(These are excerpts from my book "Intelligence is not Artificial")
The Search for an Artificial General Intelligence
There were many side tracks that didn't become as popular as expert systems and neural networks.
At the famous conference on A.I. of 1956 there was a third proposal for A.I. research. The Bostonbased mathematician Ray Solomonoff presented "An Inductive Inference Machine" for machine learning, which sketched a universal generalpurpose learner. Induction is the kind of learning that allows us to apply what we learned in one case to other cases. His method used Bayesian reasoning, i.e. it introduced probabilities in machine learning.
The problem of induction is to discover the theory (or, if you prefer, the cause) that explains the facts. If a number of people are sick and show the same symptoms, we want to find out what is the disease. We look for explanations to what happens in our world. In other words, induction answers the primordial question: "Why?" If we find the cause, we should be able to predict the future.
There are usually many possible causes, each of which explains the facts: those are hypotheses. In fact, there are an infinite number of them, although some are extremely unlikely (e.g., i could be writing this sentence because an evil force has hijacked my brain and is dictating me what to write).
The "Epicurean principle" is to consider all hypotheses that explain the facts. Mathematically speaking, facts are data and each hypothesis is an algorithm that consumes data and produces data: if it produces the data that we observe, then the algorithm represents a valid hypothesis, i.e. it could be the explanation that we are looking for.
Algorithms can be represented by Turing machines. Therefore the problem of induction is to find the best Turing machine that is compatible with our data. If there are many, we need a method to pick one. Solomonoff chose to use "Occam's razor", a medieval principle that basically picks the simplest explanation, i.e. the simplest algorithm, i.e. the simplest Turing machine, i.e. the least complex one.

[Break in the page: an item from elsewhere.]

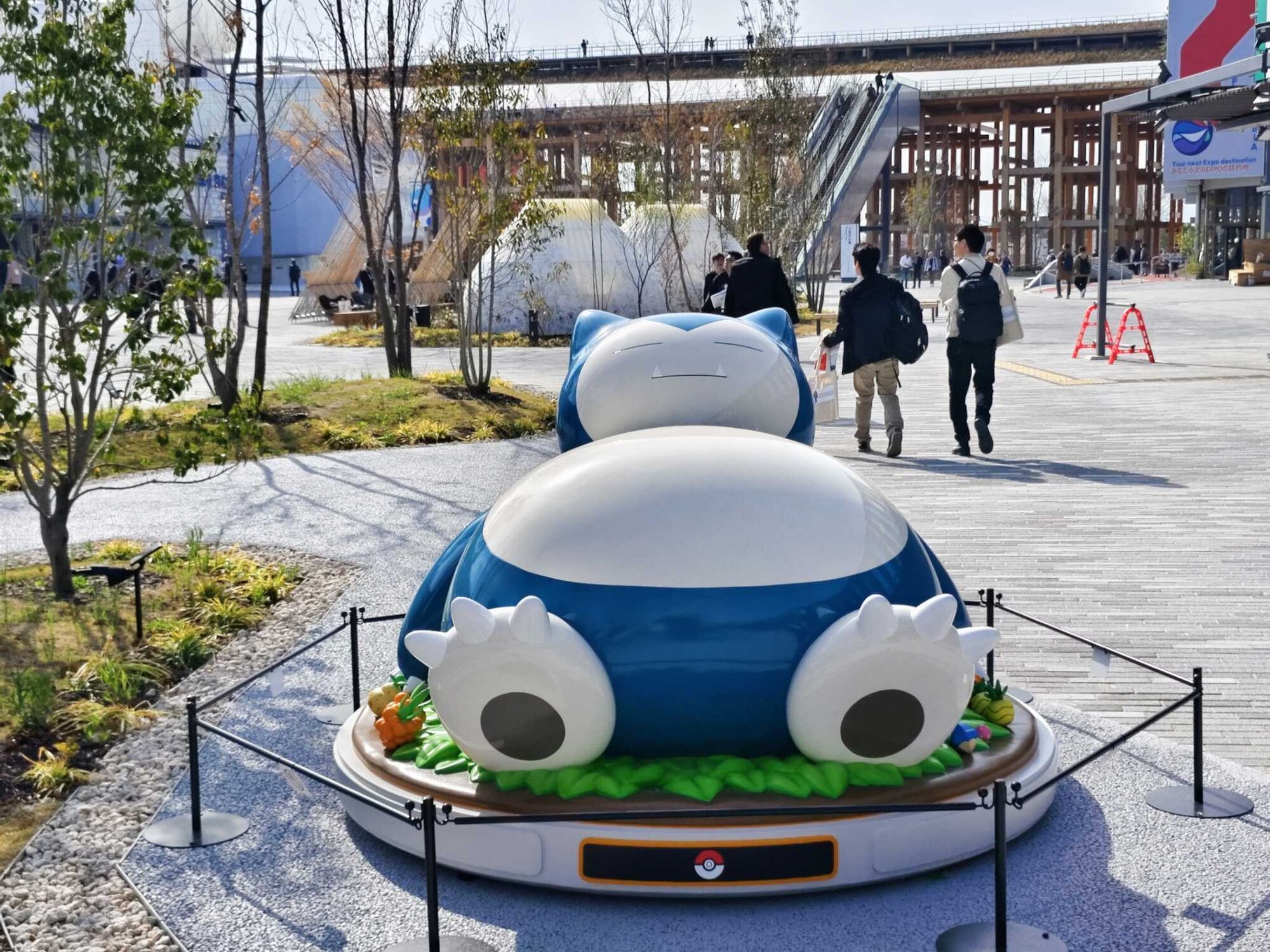 また、会場内を歩きながら楽しめる企画として、「Pokémon GO(ポケモンGO)」のスタンプラリーが登場♪特定のポケストップでフォトディスクを回すとスタンプが集まる仕組みで、ピカチュウやカビゴンなど人気ポケモンのオブジェもあちこちに出現中!
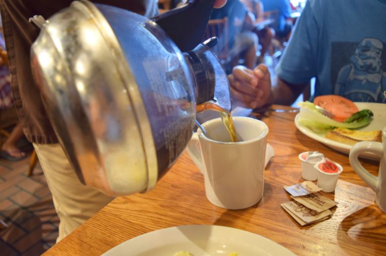 O café preto é servido logo que senta-se à mesa e é "refil". Valor: U$ 2.19 Valor sujeito à alteração sem aviso prévio.

This requires a definition of "complexity" in Turing machines, which are sequences of zeroes and ones. Solomonoff ("A Formal Theory of Inductive Inference", 1964) and the Russian mathematician Andrei Kolmogorov ("Three Approaches to the Quantitative Definition of Information", 1965) proposed a measure of an algorithm's complexity: the shortest possible description of it; or, equivalently, the least number of bits necessary to write its Turing machine. In today's jargon: the shortest program that computes it. For example, the complexity of "pi" is the ratio between a circumference and its diameter. Occam's razor can now be formulated mathematically, for example: a hypothesis that is one bit shorter is twice as likely to be the true hypothesis.
That is how Solomonoff ranked hypotheses, using Turing Machines to represent hypotheses and "algorithmic information theory" to quantify their complexity. Each hypothesis/ algorithm/ program can be assigned a "prior probability" proportional to its simplicity. Simpler hypotheses/ programs are assigned greater prior probability.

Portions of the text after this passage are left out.